MiXCR parameters (non-barcoded data)

name parameters comments
Align -f, -g, --noMerge, -p = kaligner2, –species = hsa, -OreadsLayout = Collinear, -OvParameters.geneFeatureToAlign = VTranscript, -OallowPartialAlignments = true
Assemble -f, -OassemblingFeatures = FR1Begin:FR4Begin Since sequences are cropped by the end of CDR3, FR4 region is not present in final sequences. We selected the specified parameter value since running MiXCR with seemingly more appropriate value FR1Begin:FR4Eend results in a non-stable behavior and often produces an empty repertoire.
Export clones -f, --no-spaces, -sequence, -count, -readIds

pRESTO parameters (non-barcoded data)

name parameters comments
CollapseSeq Default parameters Although this stage can use information about primers, we do not use this information since we want to conduct primer-independent benchmarking. Although this stage can fix unspecified nucleotides (“N”s), but we do not use this feature too, since it is addressed at the preliminary alignment step.
SplitSeq Default parameters The stage uses a threshold parameter (--num=X) that is analogous in IgReC (discussed in Section 2.2 of the main text). In our experiments, this parameter is not fixed and estimation of its optimal value is a part of benchmarking.

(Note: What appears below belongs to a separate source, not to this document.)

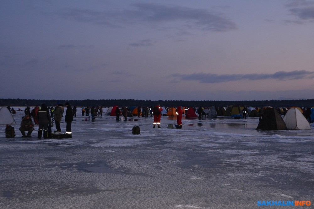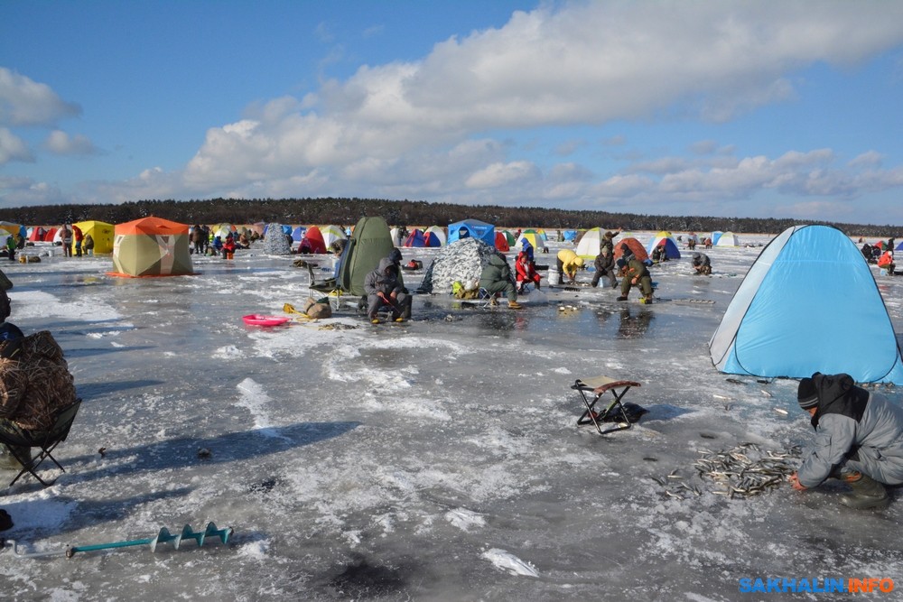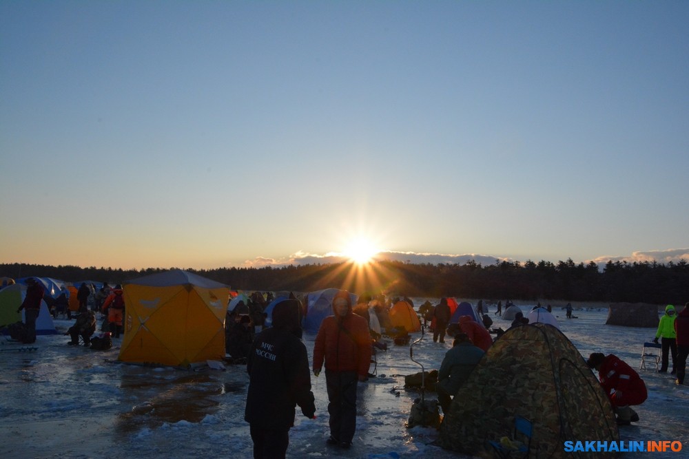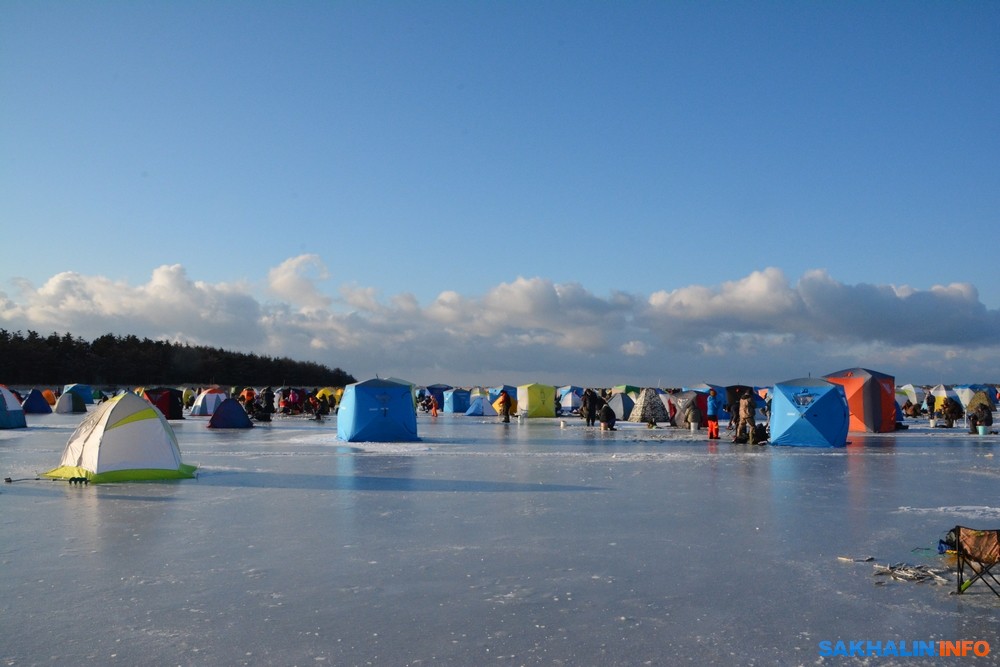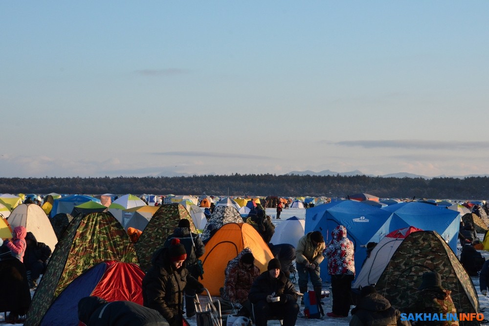 На льду уж выстроен целый город из разноцветных разновеликих палаток. Всюду скрежет буров, салазок по льду.

pRESTO parameters (barcoded data)

name parameters
ClusterSets Default parameters
BuildConsensus --prcons 0.6 --maxerror 0.1 --maxgap 0.5
CollapseSeq --uf PRCONS --cf CONSCOUNT --act sum
Table A1. Benchmarking parameters of MiXCR (top) and pRESTO (middle) on non-barcoded datasets and pRESTO (bottom) on barcoded datasets. For all tools, we unified the read merging, alignment and filtering by using the IgReC preprocessing. After this preprocessing, all input libraries contain Ig-relevant reads that are cropped by the start of the corresponding V gene.